Assignment => Each line of the listing, apart from the pictures, is to be printed exactly.

The data =>
■ ■ ■ ■ ■ ■ ■
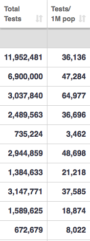 Россия занимает второе место в мире по общему количеству проведенных тестов на коронавирус. В таблице в первом столбце показано общее количество проведенных тестов, во втором - число на 1 миллион населения.
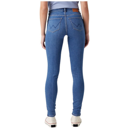 Wrangler jeans skinny da donna blu medio Day dream W28KAEX11. Jeans 5 tasche, chiusura con zip e bottone, gamba affusolata, vestibilità skinny. Composizione: 62% Cotone, 29% Elastan, 7% Elastimultultaneo, 2% Elastan
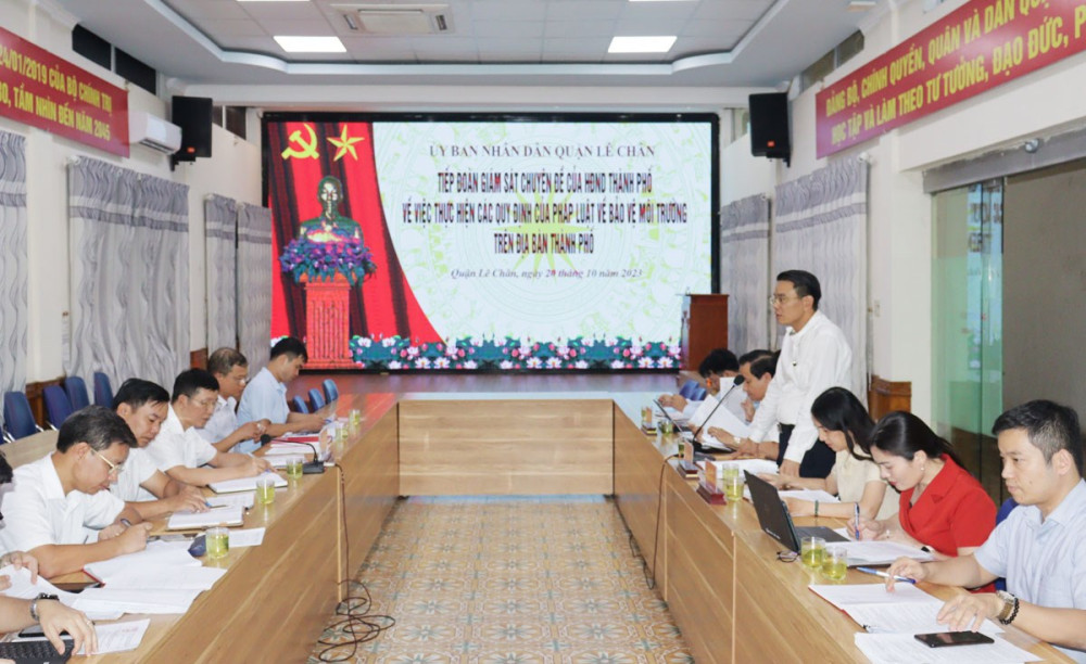 Chiều 20/10, Đoàn Giám sát chuyên đề của HĐND thành phố do đồng chí Phạm Quốc Ka, Trưởng Ban Pháp chế HĐND thành phố làm Trưởng Đoàn đi khảo sát tại Cụm công nghiệp Vĩnh Niệm và làm việc với UBND quận Lê Chân về việc thực hiện các quy định của pháp luật về bảo vệ môi trường. Cùng dự có đại diện lãnh đạo các Sở, ban, ngành, đơn vị liên quan.
■ ■ ■ ■ ■ ■ ■
Solution below =>
 Россия занимает второе место в мире по общему количеству проведенных тестов на коронавирус. В таблице в первом столбце показано общее количество проведенных тестов, во втором - число на 1 миллион населения.
 Wrangler jeans skinny da donna blu medio Day dream W28KAEX11. Jeans 5 tasche, chiusura con zip e bottone, gamba affusolata, vestibilità skinny. Composizione: 62% Cotone, 29% Elastan, 7% Elastimultultaneo, 2% Elastan
 Chiều 20/10, Đoàn Giám sát chuyên đề của HĐND thành phố do đồng chí Phạm Quốc Ka, Trưởng Ban Pháp chế HĐND thành phố làm Trưởng Đoàn đi khảo sát tại Cụm công nghiệp Vĩnh Niệm và làm việc với UBND quận Lê Chân về việc thực hiện các quy định của pháp luật về bảo vệ môi trường. Cùng dự có đại diện lãnh đạo các Sở, ban, ngành, đơn vị liên quan.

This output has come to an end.